McAllister R M, Sansone J C, Laughlin M H
Department of Veterinary Biomedical Sciences, College of Veterinary Medicine, University of Missouri, Columbia 65211.
Am J Physiol. 1995 Jan;268(1 Pt 2):H330-5. doi: 10.1152/ajpheart.1995.268.1.H330.
Hyperthyroidism is associated with exercise intolerance. Previous research, however, has shown that cardiac output is either normal or enhanced during exercise in the hyperthyroid state. We therefore hypothesized that blood flow to working skeletal muscle is augmented in hyperthyroid animals during in vivo submaximal exercise and, consequently, that noncardiovascular factors are responsible for intolerance to exercise. To test this hypothesis, rats were made hyperthyroid (Hyper) over 6-12 wk with injections of triiodothyronine (300 micrograms/kg). Hyperthyroidism was evidenced by left ventricular hypertrophy [euthyroid (Eut), 2.12 +/- 0.05 mg/g body wt; Hyper, 2.78 +/- 0.06; P < 0.005], 25-60% increases in citrate synthase activities in Hyper hindlimb muscles over those of Eut rats, and higher preexercise heart rates (Eut, 415 +/- 18 beats/min; Hyper, 479 +/- 19; P < 0.025). Regional blood flows were determined by the radiolabeled microsphere method, preexercise, and at 1-2 min of treadmill running at 15 m/min (0% grade). Total hindlimb muscle blood flow preexercise was unaffected (Eut, 31 +/- 4 ml.min-1.(100) g-1, n = 11; Hyper, 40 +/- 6, n = 9; not significant) but was higher (P < 0.025) in Hyper (127 +/- 17, n = 9) compared with Eut (72 +/- 11, n = 9) during treadmill running. During exercise, flows to individual muscles and muscle sections were approximately 50-150% higher in Hyper compared with Eut rats. Visceral blood flows were largely similar between groups. These findings indicate that hyperthyroidism is associated with augmented blood flow to skeletal muscle during submaximal exercise. Thus hypoperfusion of skeletal muscle does not account for the poor exercise tolerance characteristic of hyperthyroidism.

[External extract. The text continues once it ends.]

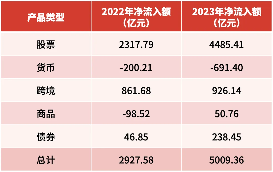 2023年境内ETF市场资金净流入创历史新高,全年净流入高达5009.36亿元,较2022年(2927.58亿元)增长71.11%,充分发挥了稳定市场的作用。分类型来看,股票ETF净流入最高,达4485.41亿元。除此之外跨境ETF净流入926.14亿元、债券ETF净流入238.45亿元、商品ETF净流入50.76亿元、货币ETF净流出691.40亿元。
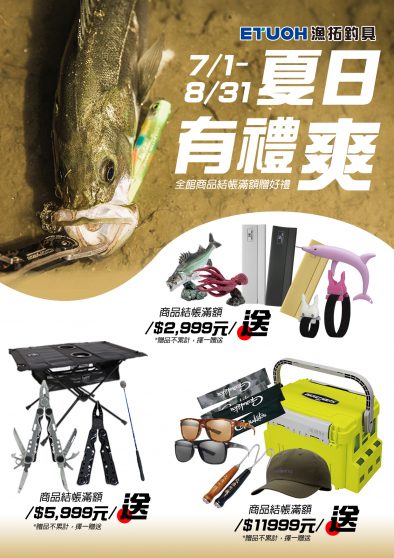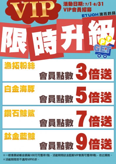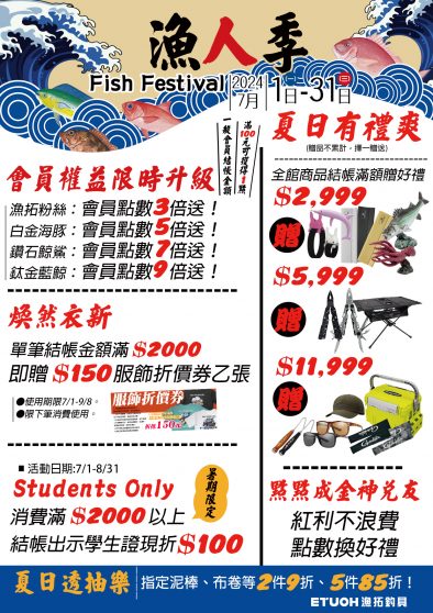 【7月漁人季好康都在這】 活動日期:7/1-7/31 𝟭.會員升級月:VIP會員招募 漁拓粉絲:會員點數3倍送! 白金海豚:會員點數5倍送! 鑽石鯨鯊:會員點數7倍送! 鈦金藍鯨:會員點數9倍送!會員好康趁現在!! ——————————— 𝟮.夏日有禮爽 全館商品結帳滿額贈好禮 滿$2,999元/滿$5,999元/滿$11,999元 都有好禮送給您!! ——————————— 𝟯.煥然衣新 單筆結帳金額滿2,000元,即贈150元服飾折價券乙張! ●使用期限7/1~9/8 ●限下筆消費使用 ——————————– 𝟰.Students Only 暑期限定,消費滿2000元以上,結帳出示學生證現折100元 ——————————– 𝟱.夏日透抽樂 指定泥棒、布卷等2件9折、5件85折! #7月 #漁人季 #會員升級 #VIP升級 #點數翻倍送 #夏日有禮...

甲状腺功能亢进与运动不耐受有关。然而,先前的研究表明,在甲状腺功能亢进状态下运动时心输出量正常或增加。因此,我们推测,在体内次最大运动期间,甲状腺功能亢进动物流向工作骨骼肌的血流量会增加,因此,非心血管因素是运动不耐受的原因。为了验证这一假设,通过注射三碘甲状腺原氨酸(300微克/千克)使大鼠在6 - 12周内甲状腺功能亢进(Hyper)。甲状腺功能亢进的证据包括左心室肥厚[正常甲状腺(Eut),2.12±0.05毫克/克体重;Hyper,2.78±0.06;P<0.005],Hyper后肢肌肉中的柠檬酸合酶活性比Eut大鼠高25 - 60%,以及运动前心率更高(Eut,415±18次/分钟;Hyper,479±19;P<0.025)。通过放射性微球法在运动前以及在跑步机上以15米/分钟(0%坡度)跑步1 - 2分钟时测定局部血流量。运动前总后肢肌肉血流量未受影响(Eut,31±4毫升·分钟-1·(100)克-1,n = 11;Hyper,40±6,n = 9;无显著差异),但在跑步机跑步期间,Hyper组(127±17,n = 9)比Eut组(72±11,n = 9)更高(P<0.025)。在运动期间,与Eut大鼠相比,Hyper大鼠流向各个肌肉和肌肉部分的血流量大约高50 - 150%。各组间内脏血流量基本相似。这些发现表明,甲状腺功能亢进与次最大运动期间骨骼肌血流量增加有关。因此,骨骼肌灌注不足并不能解释甲状腺功能亢进所特有的运动耐力差的问题。